通貨ペア USD/JPY EUR/JPY GBP/JPY NZD/JPY AUD/JPY CHF/JPY ZAR/JPY USD/CAD CAD/CHF EUR/USD EUR/GBP
USD/JPY 1.00 0.312 0.726 0.487 0.397 0.25 0.455 -0.161 0.693 -0.307 -0.515
EUR/JPY 0.312 1.00 0.771 0.776 0.949 0.981 -0.382 -0.874 0.562 0.807 0.476
GBP/JPY 0.726 0.771 1.00 0.802 0.794 0.708 0.101 -0.558 0.658 0.313 -0.191
NZD/JPY 0.487 0.776 0.802 1.00 0.875 0.726 0.012 -0.665 0.617 0.472 0.085
AUD/JPY 0.397 0.949 0.794 0.875 1.00 0.905 -0.255 -0.843 0.652 0.703 0.359
CHF/JPY 0.25 0.981 0.708 0.726 0.905 1.00 -0.408 -0.879 0.501 0.831 0.535
ZAR/JPY 0.455 -0.382 0.101 0.012 -0.255 -0.408 1.00 0.367 0.165 -0.67 -0.738
USD/CAD -0.161 -0.874 -0.558 -0.665 -0.843 -0.879 0.367 1.00 -0.702 -0.781 -0.575
CAD/CHF 0.693 0.562 0.658 0.617 0.652 0.501 0.165 -0.702 1.00 0.137 -0.042
EUR/USD -0.307 0.807 0.313 0.472 0.703 0.831 -0.67 -0.781 0.137 1.00 0.808
EUR/GBP -0.515 0.476 -0.191 0.085 0.359 0.535 -0.738 -0.575 -0.042 0.808 1.00

 こんな感じで、それぞれの通貨ペアには、相関関係があります。

 そして、これは、固定された関係ではありません。時間が経過するにつれ、変化していきます。今まで負相関が強い関係であっても、6ヵ月後に計算したら、正相関になっていた、なんてこともありえます。


相関係数の計算方法

 エクセル関数の CORREL を使います。

 計算結果を表示したいセルに、
    =CORREL(A2:A1250,B2:B1250)
 といれます。

 ただし、( )の中は、適当に入れてあるので、あなたが、実際にデータを貼り付けたセルの範囲を入れます。
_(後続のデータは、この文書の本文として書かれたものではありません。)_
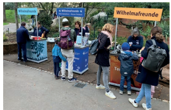
Im Einsatz am Wilhelma-Tag
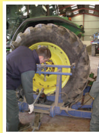
Une aide mécanique pour préserver le dos
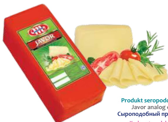
Produkt seropodobny Javor Javor analog cheese Сыроподобный продукт Явор

Kod wagowy lub cenowy Code weight or price Код весовой или ценовой
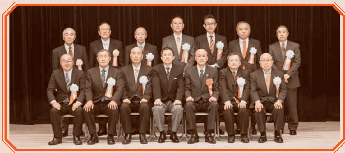
受章者の皆さん、おめでとうございます。
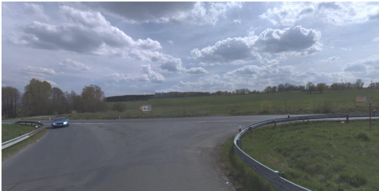
Obr.14 Místo napojení nového přivaděče nového obchvatu varianta 1,2,3
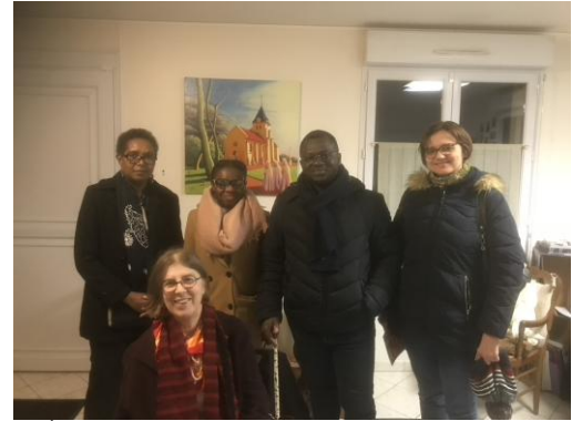
Équipe de Venez et Voyez en mars 2023

 米ドル/円と豪ドル/円の相関係数を計算したいときを例に説明します。

 A列には、米ドル/円。B列には豪ドル/円のデータを貼り付けます。

 A2〜A1250まで、ずらっとデータ(米ドル/円の1日の終値)を貼り付けたとします。
 同じくB列にも、豪ドル/円のデータを貼り付けます。

 A1のセルに、=CORREL(A2:A1250,B2:B1250)を入れれば、相関係数が計算されます。

 ちなみに 為替レートのデータは、
    Infoseekマネー>為替>時系列
    http://money.www.infoseek.co.jp/MnForex/fxlast/
 から、取得できます。ただし、データが取れる通貨ペアの種類は、多くありません。

 OANDA.com(http://www.oanda.com/convert/fxhistory)では、豊富な通貨ペアのデータが取れます。
 ただし、英語サイトです。
 さらに取得データは一度「メモ帳」へコピーし、そのファイル名を「.csv」に変更する必要があります。変更した「.csv」を開くと、エクセルにデータが表示された状態で見ることができます。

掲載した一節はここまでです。